Specifically, with respect to personal trading by portfolio managers,
Commissioner Roberts expressed his own preference for a ban on this practice
because of the great potential for a fund manager's economic interest to be
"nonaligned" with those of shareholders. He advised that if personal trading is
to be permitted, the board should be very careful to establish a screening
process to minimize potential conflicts of interest, stating that the greatest
risk in this area is the loss of investor trust and confidence, which has been
critical to the investment company industry's success.
On the subject of derivatives, Roberts cited certain recent instances of
financial losses resulting from the use of these instruments and said that these
experiences should serve as a warning to fund directors to take greater interest
in fund investments in derivatives.

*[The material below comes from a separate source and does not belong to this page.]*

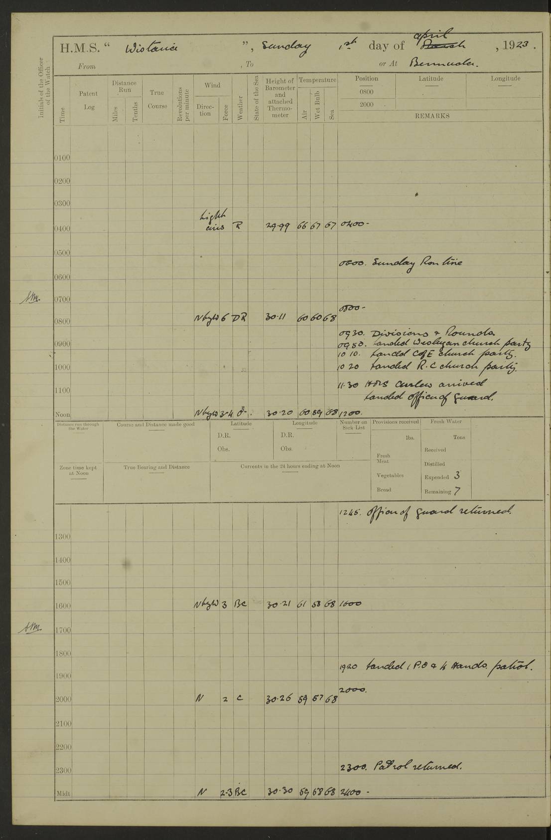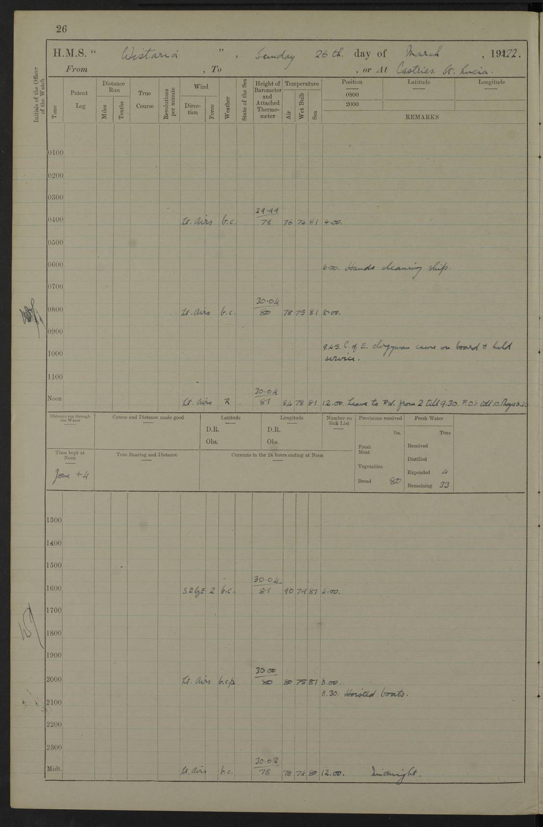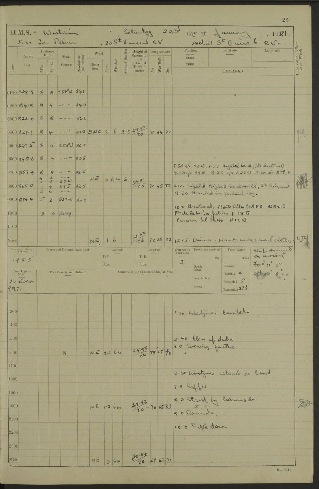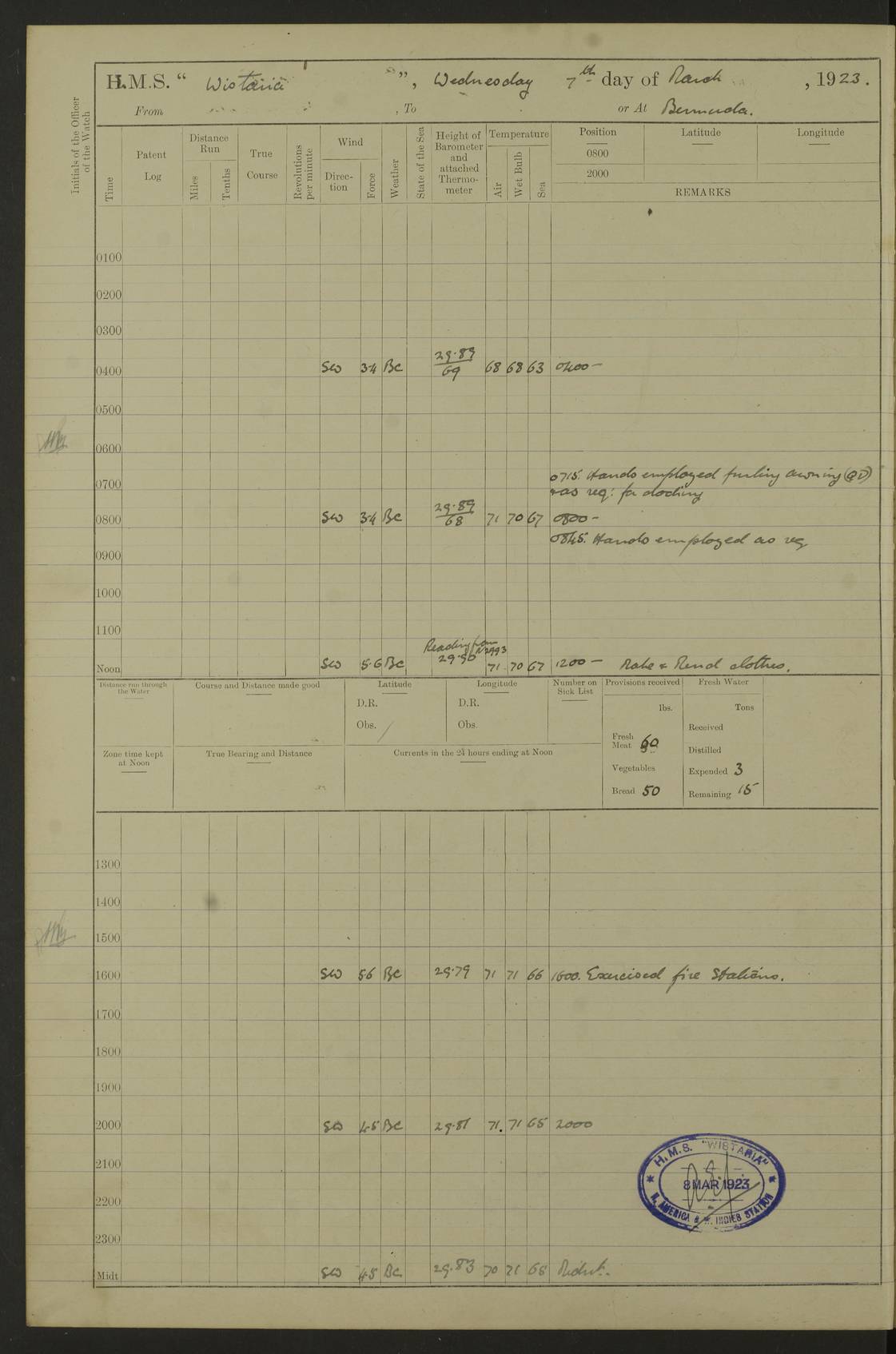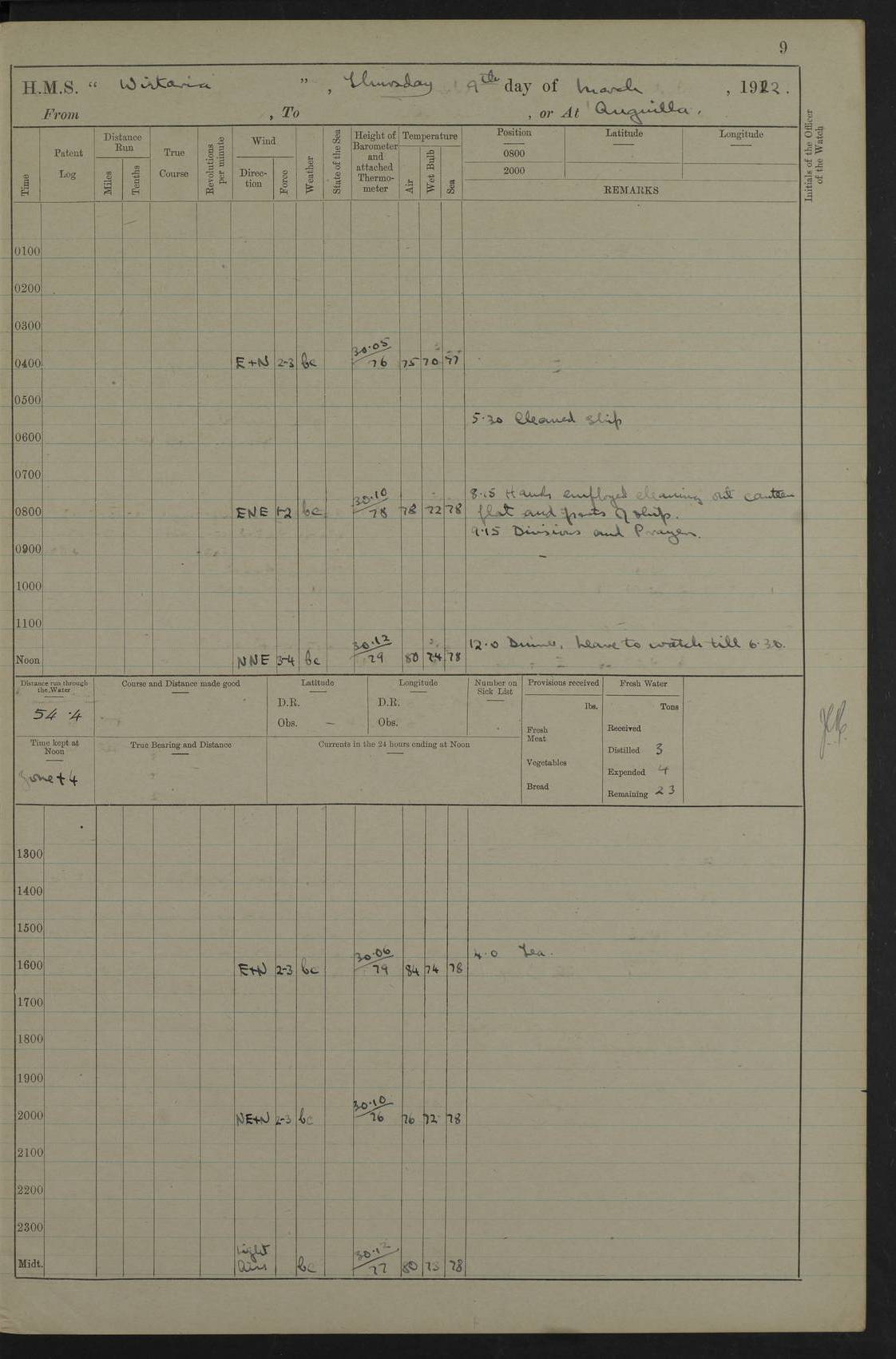 LOGS FOR MARCH 1922 4f73caa0a2fc8ea903000b56: (https://s3.amazonaws.com:443/oldweather/ADM53-93265/0033_0.jpg) 4f73caa4a2fc8ea903000b63: (https://s3.amazonaws.com:443/oldweather/ADM53-93266/0003_1.jpg) 1 March 1922 At Bermuda Lat 32.32, Long -64.8 9.30am: Hands employed preparing [securing] ship for sea 1.30pm: Left fenders 2.30pm: Proceeded as required for ship channel, 110 revs 3.37pm: Fairway Buoy abeam. Course SE 4.0pm: Reduced to 96 revs. Evening Quarters 4.55pm: Exercised sea boats crew 5.09pm: Streamed patent log 4f73caa5a2fc8ea903000b64: (https://s3.amazonaws.com:443/oldweather/ADM53-93266/0004_0.jpg) 2 March 1922 From Bermuda to Nevis Lat 28.91, Long -64.26 3.50am: Commenced working up for full power trial (8 hrs) 4.20am: Full power trial commenced 9.50am: Exercised sounding party am: Hands employed cleaning motor boat and parts of ship 12.25am: Eased to 132 revs. 3/5th power trial 4.0pm: Quarters. Exercised fire stations True Bearing and Distance: of Sombrero Island Lt 176°, 605 miles 4f73caa5a2fc8ea903000b65: (https://s3.amazonaws.com:443/oldweather/ADM53-93266/0004_1.jpg) 3 March 1922 [From Bermuda to Nevis] Lat 24.03, Long -63.78 4.26am: 3/5 power trial completed, reduced to 96 revs 7.0am: Set Fore staysail 9.30am: Divisions and Prayers. Exercised action stations 10.0am: Reset fore staysail 1.0pm: Hands mustered for monthly payment pm: Hands employed painting motor boat and parts of ship True Bearing and Distance: Sombrero 177°, 326 miles 4f73caa6a2fc8ea903000b66: (https://s3.amazonaws.com:443/oldweather/ADM53-93266/0005_0.jpg) 4 March 1922 From Bermuda to Nevis Lat 20.66, Long -63.4 2.0am: Tack of fore Staysail carried away, altered course West, “Slow” speed 2.15am: Resumed course and speed 10.0am: Passed steamer on Port beam 5.0pm: Put clocks on 20 minutes 6.02pm: Altered course S53W to lower fore staysail True Bearing and Distance: Sombrero 182°½, 124 miles 4f73caa6a2fc8ea903000b67: (https://s3.amazonaws.com:443/oldweather/ADM53-93266/0005_1.jpg) 5 March 1922 From Bermuda to Nevis and at Nevis Lat 17.0, Long -62.0 12.10am: Sighted Sombrero Island Lt S6W 1.30am: Sombrero Island Lt S17W 1.45am: Bearing S23W 2.07am: Lt 4 points on bow 2.27am: Light abeam to Starboard, 2.5 miles 2.52am: Light 4 points on quarter 6.05am: Sighted St Martin Isle 7.25am: Sighted St Eustatius S25E 8.52am: Saba Island Peak abeam 10.30am: Divisions. Sighted Nevis 1 point off Port bow 11.40am: Helden Point abeam 12.50pm: Hauled in patent log 12.55pm: Course and speed for lowering sea boat to send mails to RMSP “Caraquet” off Basse Terre 1.20pm: Proceeded. Course S33E, 96 revs 2.30pm: Anchored off Charlestown, Nevis Anchor Bearings: Lowland Church N28E, Ward Mill S46E, Fort Charles Pt S11E True Bearing and Distance: Basseterre Lt 283°, 8.3 miles 4f73caa6a2fc8ea903000b68: (https://s3.amazonaws.com:443/oldweather/ADM53-93266/0006_0.jpg) 6 March 1922 At Nevis Lat 17.14, Long -62.63 10.10am: Hands employed parts of ship and side party 11.30am: Saluting guns crews to drill 2.0pm: Hands employed cleaning ship’s side and parts of ship 8.10pm: Hoisted whaler 4f73caa7a2fc8ea903000b69: (https://s3.amazonaws.com:443/oldweather/ADM53-93266/0006_1.jpg) 7 March 1922 At Nevis Lat 17.14, Long -62.63 5.30am: Hands employed cleaning boats and ship 8.15am: Hands employed on boats and parts of ship 11.40am: Spread Q.D. awning 4f73caa7a2fc8ea903000b6a: (https://s3.amazonaws.com:443/oldweather/ADM53-93266/0007_0.jpg) 8 March 1922 From Nevis to Anguilla Lat 17.41, Long -62.95 5.30am: Cleaned ship and secured boats for sea 9.05am: Weighed and proceeded 10.0am: Stopped off Basse Terre 10.38am: Proceeded at 130 revs 2.50pm: Terre Basse Pt abeam, altered course N2E 3.19pm: Anguillita Pt abeam, altered course N37E 4.15pm: Came to with Port anchor in 6 fms & veered to 3 shackles Anchor Bearings: Custom Ho, right tangent, S40E; Point N43E; Flat Cap Pt N2E 6.40pm: Hoisted all boats True Bearing and Distance: Anguillita Island 342°½, 45.5 miles [Terre Basse Point: is the west extreme of St Martin Island] 4f73caa7a2fc8ea903000b6b: (https://s3.amazonaws.com:443/oldweather/ADM53-93266/0007_1.jpg) 9 March 1922 At Anguilla Lat 18.22, Long -63.07 8.15am: Hands employed cleaning out canteen flat and parts of ship 9.15am: Divisions and Prayers 4f73caa8a2fc8ea903000b6c: (https://s3.amazonaws.com:443/oldweather/ADM53-93266/0008_0.jpg) 10 March 1922 From Anguilla to Nevis Lat 17.6, Long -63.05 8.10am: H.E. the Governor and staff arrived on board 8.29am: Weighed and proceeded for Nevis at 120 revs. Course N83W 9.17am: Anguillita Island abeam. Altered course S5W 1.55pm: Brimstone Hill abeam 1 mile 2.35pm: Course and speed as required for anchoring 2.45pm: Came to with Starboard anchor in 4 fms 4.0pm: Anchored in 5 fms Anchor Bearings: Pier Head S72E, Fort Charles Pt S14E, Lowland Church N27E True Bearing and Distance: Basseterre Pier Lt 133°, 27 miles 4f73caa8a2fc8ea903000b6d: (https://s3.amazonaws.com:443/oldweather/ADM53-93266/0008_1.jpg) 11 March 1922 At Nevis Lat 17.14, Long -62.63 8.0am: Hands employed cleaning ship 4f73caa8a2fc8ea903000b6e: (https://s3.amazonaws.com:443/oldweather/ADM53-93266/0009_0.jpg) 12 March 1922 At Nevis Lat 17.14, Long -62.63 6.30am: Cleaned ship 9.45am: Divisions 3.0pm: Ship opened to visitors 4f73caa9a2fc8ea903000b6f: (https://s3.amazonaws.com:443/oldweather/ADM53-93266/0009_1.jpg) 13 March 1922 From Nevis to Antigua Lat 17.08, Long -62.36 8.15am: Secured boats for sea 10.10am: Weighed and proceeded 120 revs 2.30pm: Anchored in St Johns Harbour Anchor Bearings: Rat Island, right tangent, S85E; Fort James F.S. N7E; Week Pt S54E True Bearing and Distance: Sandy Island Lt Ho 085°½, 25.6 miles 4f73caa9a2fc8ea903000b70: (https://s3.amazonaws.com:443/oldweather/ADM53-93266/0010_0.jpg) 14 March 1922 At Antigua Lat 17.12, Long -61.85 8.15am: Hands employed spreading and fitting after boat deck awning and part of ship 9.25am: Carried on with work 4f73caaaa2fc8ea903000b71: (https://s3.amazonaws.com:443/o

Roberts recommended that, at a minimum, the
board take the following four steps on a periodic basis: (1) review the fund's
disclosure documents to determine whether the risks associated with its
investment strategies are appropriately disclosed and are compatible with the
fund's disclosed investment philosophy; (2) meet with the adviser to ensure
comfort with the adviser's knowledge of the risks associated with using
derivatives and with hedging in particular; (3) become comfortable that the
fund's trading strategies do not violate the restrictions on leveraging under
Section 18 of the Investment Company Act; and (4) review the fund portfolio to
ensure compliance with the 15% limit on investments in illiquid securities.
Finally, in the area of foreign securities, Commissioner Roberts stated
that the volume of fund investments is "staggering," and expressed concern that
recen "red hot" performance may mask the risks associated with such investments.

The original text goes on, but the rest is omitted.